Set the records down again, exactly, without their images.

Data items:

+ + +

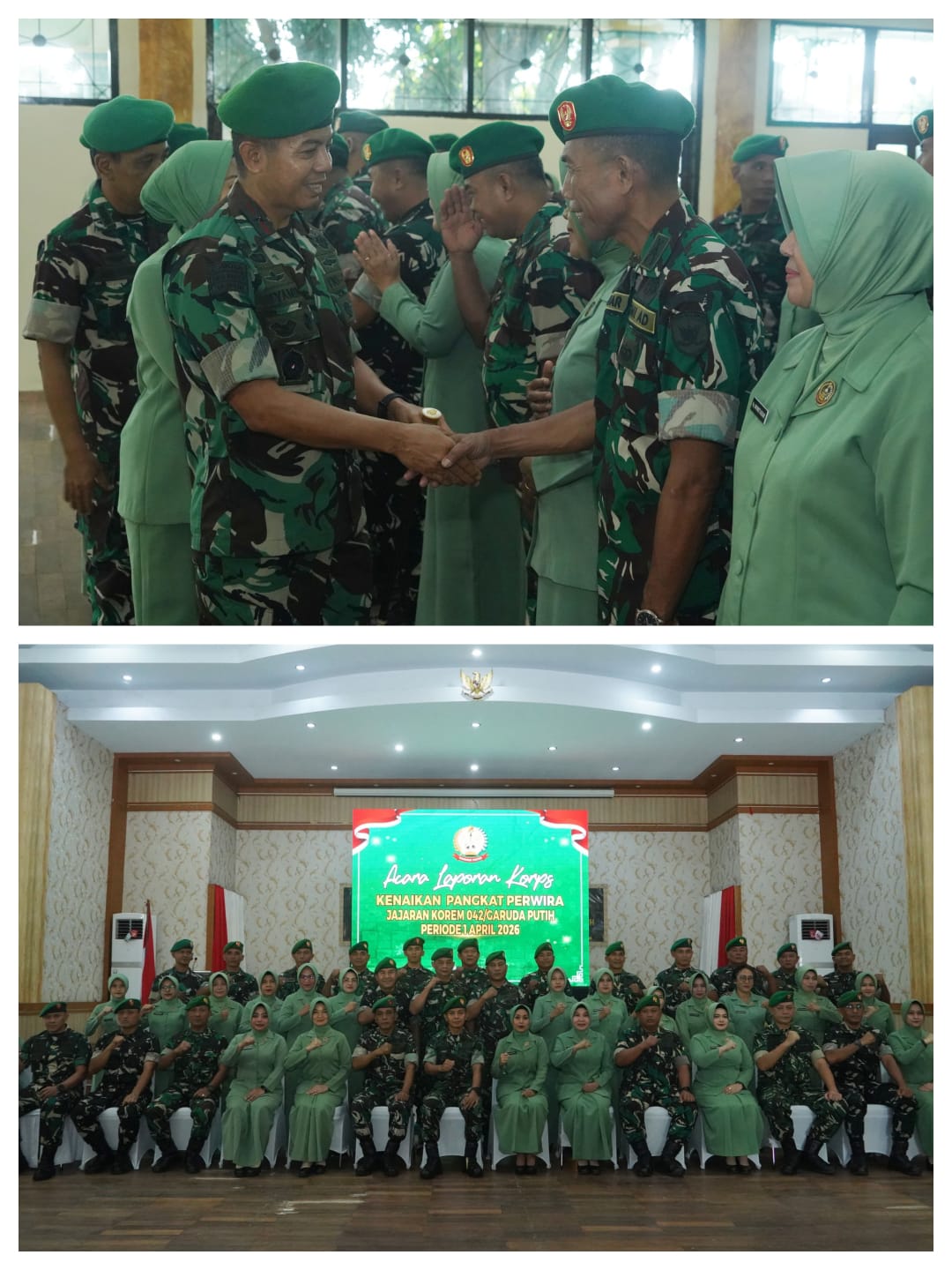 JAMBI – Komandan Korem 042/Gapu Brigjen TNI Nyamin, S.I.P., M.M. memimpin langsung Laporan Korp Kenaikan Pangkat Perwira jajaran Korem 042/Gapu periode 1 April 2026 di Aula Balai Prajurit Makorem 042/Gapu, Pada Selasa (07/04/2026).
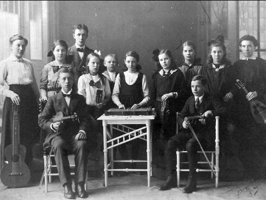 Karlsborgs missionsförsamling, juniorernas sång- och musikförening år 1920. Neg finns.
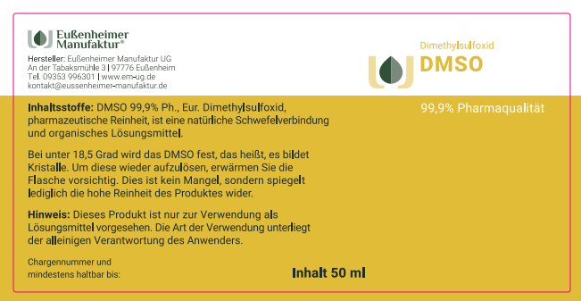 Inhaltstoffe: DMSO 99,9 % Ph, Eur. Dimethylsulfoxid, pharmazeutische Reinheit, ist eine natürliche Schwefelverbindung und organisches Lösungsmittel Inhalt 50 ml Pipettenflasche
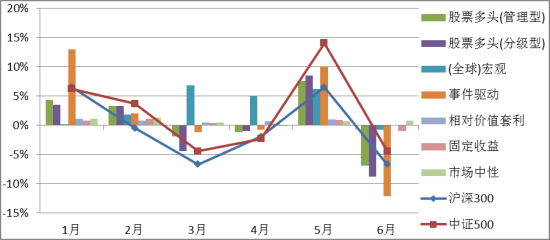 图表5:1~6月各策略私募基金与同期指数涨跌幅对比 |
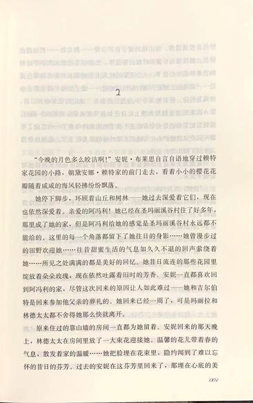“今晚的月色多么皎洁啊!”安妮·布莱思自言自语地穿过赖特 家花园的小路,朝黛安娜·赖特家的前门走去,看着小小的樱花花瓣随着咸咸的海风轻拂纷纷飘落。
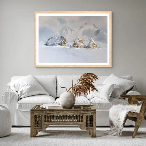 - Acest poster înfățișează un peisaj pitoresc de iarnă, cu o căsuță și un car cu fân pe fundalul unui munte. Nuanțele pastelate subtile și peisajul liniștit creează o atmosferă unică de armonie.
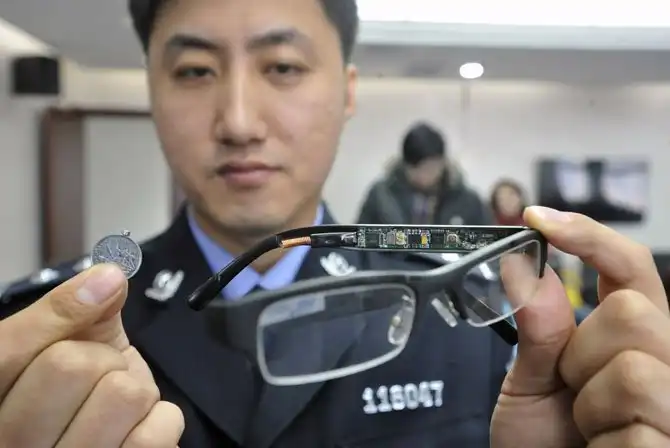 ЕГЭ по-китайски. Полицейский демонстрирует конфискованные высокотехнологичные очки, в Шэньяне, провинция Ляонин, Китай. Таким гаджетом пытался воспользоваться на вступительных экзаменах один из поступавших в национальный колледж.

+ + +

SOLUTION:
 JAMBI – Komandan Korem 042/Gapu Brigjen TNI Nyamin, S.I.P., M.M. memimpin langsung Laporan Korp Kenaikan Pangkat Perwira jajaran Korem 042/Gapu periode 1 April 2026 di Aula Balai Prajurit Makorem 042/Gapu, Pada Selasa (07/04/2026).
 Karlsborgs missionsförsamling, juniorernas sång- och musikförening år 1920. Neg finns.
 Inhaltstoffe: DMSO 99,9 % Ph, Eur. Dimethylsulfoxid, pharmazeutische Reinheit, ist eine natürliche Schwefelverbindung und organisches Lösungsmittel Inhalt 50 ml Pipettenflasche
 图表5:1~6月各策略私募基金与同期指数涨跌幅对比 |
“今晚的月色多么皎洁啊!”安妮·布莱思自言自语地穿过赖特 家花园的小路,朝黛安娜·赖特家的前门走去,看着小小的樱花花瓣随着咸咸的海风轻拂纷纷飘落。
 - Acest poster înfățișează un peisaj pitoresc de iarnă, cu o căsuță și un car cu fân pe fundalul unui munte. Nuanțele pastelate subtile și peisajul liniștit creează o atmosferă unică de armonie.
 ЕГЭ по-китайски. Полицейский демонстрирует конфискованные высокотехнологичные очки, в Шэньяне, провинция Ляонин, Китай. Таким гаджетом пытался воспользоваться на вступительных экзаменах один из поступавших в национальный колледж.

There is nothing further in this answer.